A Network Pharmacology to Explore the Mechanism of Calculus Bovis in the Treatment of Ischemic Stroke
Biomed Res Int 2021 Mar 10;2021:6611018.PMID:33778069DOI:10.1155/2021/6611018.
Background: Calculus Bovis is a valuable Chinese medicine, which is widely used in the clinical treatment of ischemic stroke. The present study is aimed at investigating its target and the mechanism involved in ischemic stroke treatment by network pharmacology. Methods: Effective compounds of Calculus Bovis were collected using methods of network pharmacology and using the Bioinformatics Analysis Tool for Molecular Mechanism of Traditional Chinese Medicine (BATMAN-TCM) and the Traditional Chinese Medicine Systems Pharmacology Database and Analysis Platform (TCMSP). Potential compound targets were searched in the TCMSP and SwissTargetPrediction databases. Ischemic stroke-related disease targets were searched in the Drugbank, DisGeNet, OMIM, and TTD databases. These two types of targets were uploaded to the STRING database, and a network of their interaction (PPI) was built with its characteristics calculated, aiming to reveal a number of key targets. Hub genes were selected using a plug-in of the Cytoscape software, and Gene Ontology (GO) biological processes and pathway enrichment analyses of Kyoto Encyclopedia of Genes and Genomes (KEGG) were conducted using the clusterProfiler package of R language. Results: Among 12 compounds, deoxycorticosterone, Methyl cholate, and biliverdin were potentially effective components. A total of 344 Calculus Bovis compound targets and 590 ischemic stroke targets were found with 92 overlapping targets, including hub genes such as TP53, AKT, PIK2CA, MAPK3, MMP9, and MMP2. Biological functions of Calculus Bovis are associated with protein hydrolyzation, phosphorylation of serine/threonine residues of protein substrates, peptide bond hydrolyzation of peptides and proteins, hydrolyzation of intracellular second messengers, antioxidation and reduction, RNA transcription, and other biological processes. Conclusion: Calculus Bovis may play a role in ischemic stroke by activating PI3K-AKT and MAPK signaling pathways, which are involved in regulating inflammatory response, cell apoptosis, and proliferation.

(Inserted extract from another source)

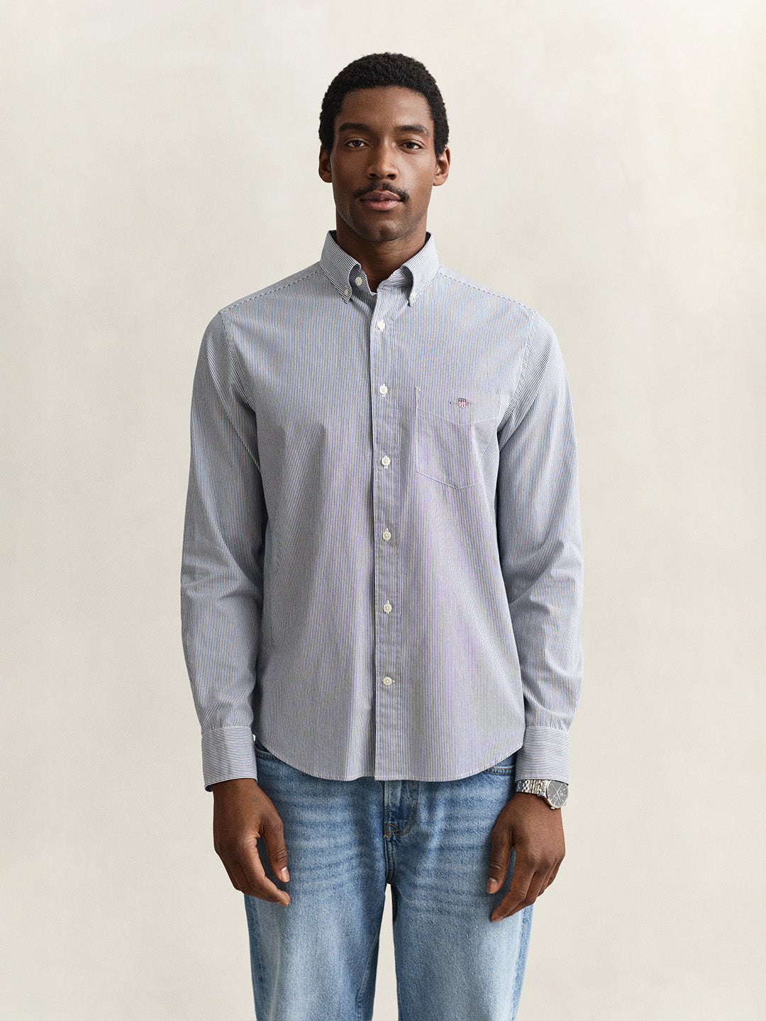 Elevate your wardrobe with the GANT Men Green Classic Poplin Striped Shirt. Crafted from high-quality poplin fabric, this shirt combines timeless style with modern sophistication. The subtle striped pattern adds a touch of character, making it a versatile piece for any occasion. With its comfortable fit and durable construction, this shirt will quickly become a staple in your closet. Dress it up for a formal event or pair it with jeans for a casual weekend look. Upgrade your style with this must-have wardrobe essential.

A cholesterol biosynthesis inhibitor from Rhizopus oryzae
Arch Pharm Res 2004 Jun;27(6):624-7.PMID:15283464DOI:10.1007/BF02980161.
A bile acid derivative, Methyl cholate (1), was isolated from EtOAc extract of the fungus Rhizopus oryzae as a cholesterol biosynthesis inhibitor. It showed moderate inhibitory activity on cholesterol biosynthesis in human Chang liver cells. Compound 1 exhibited inhibitory effect on the later step of cholesterol biosynthesis, indicating that its action mode is different from that of statins that act on the HMG-CoA reductase.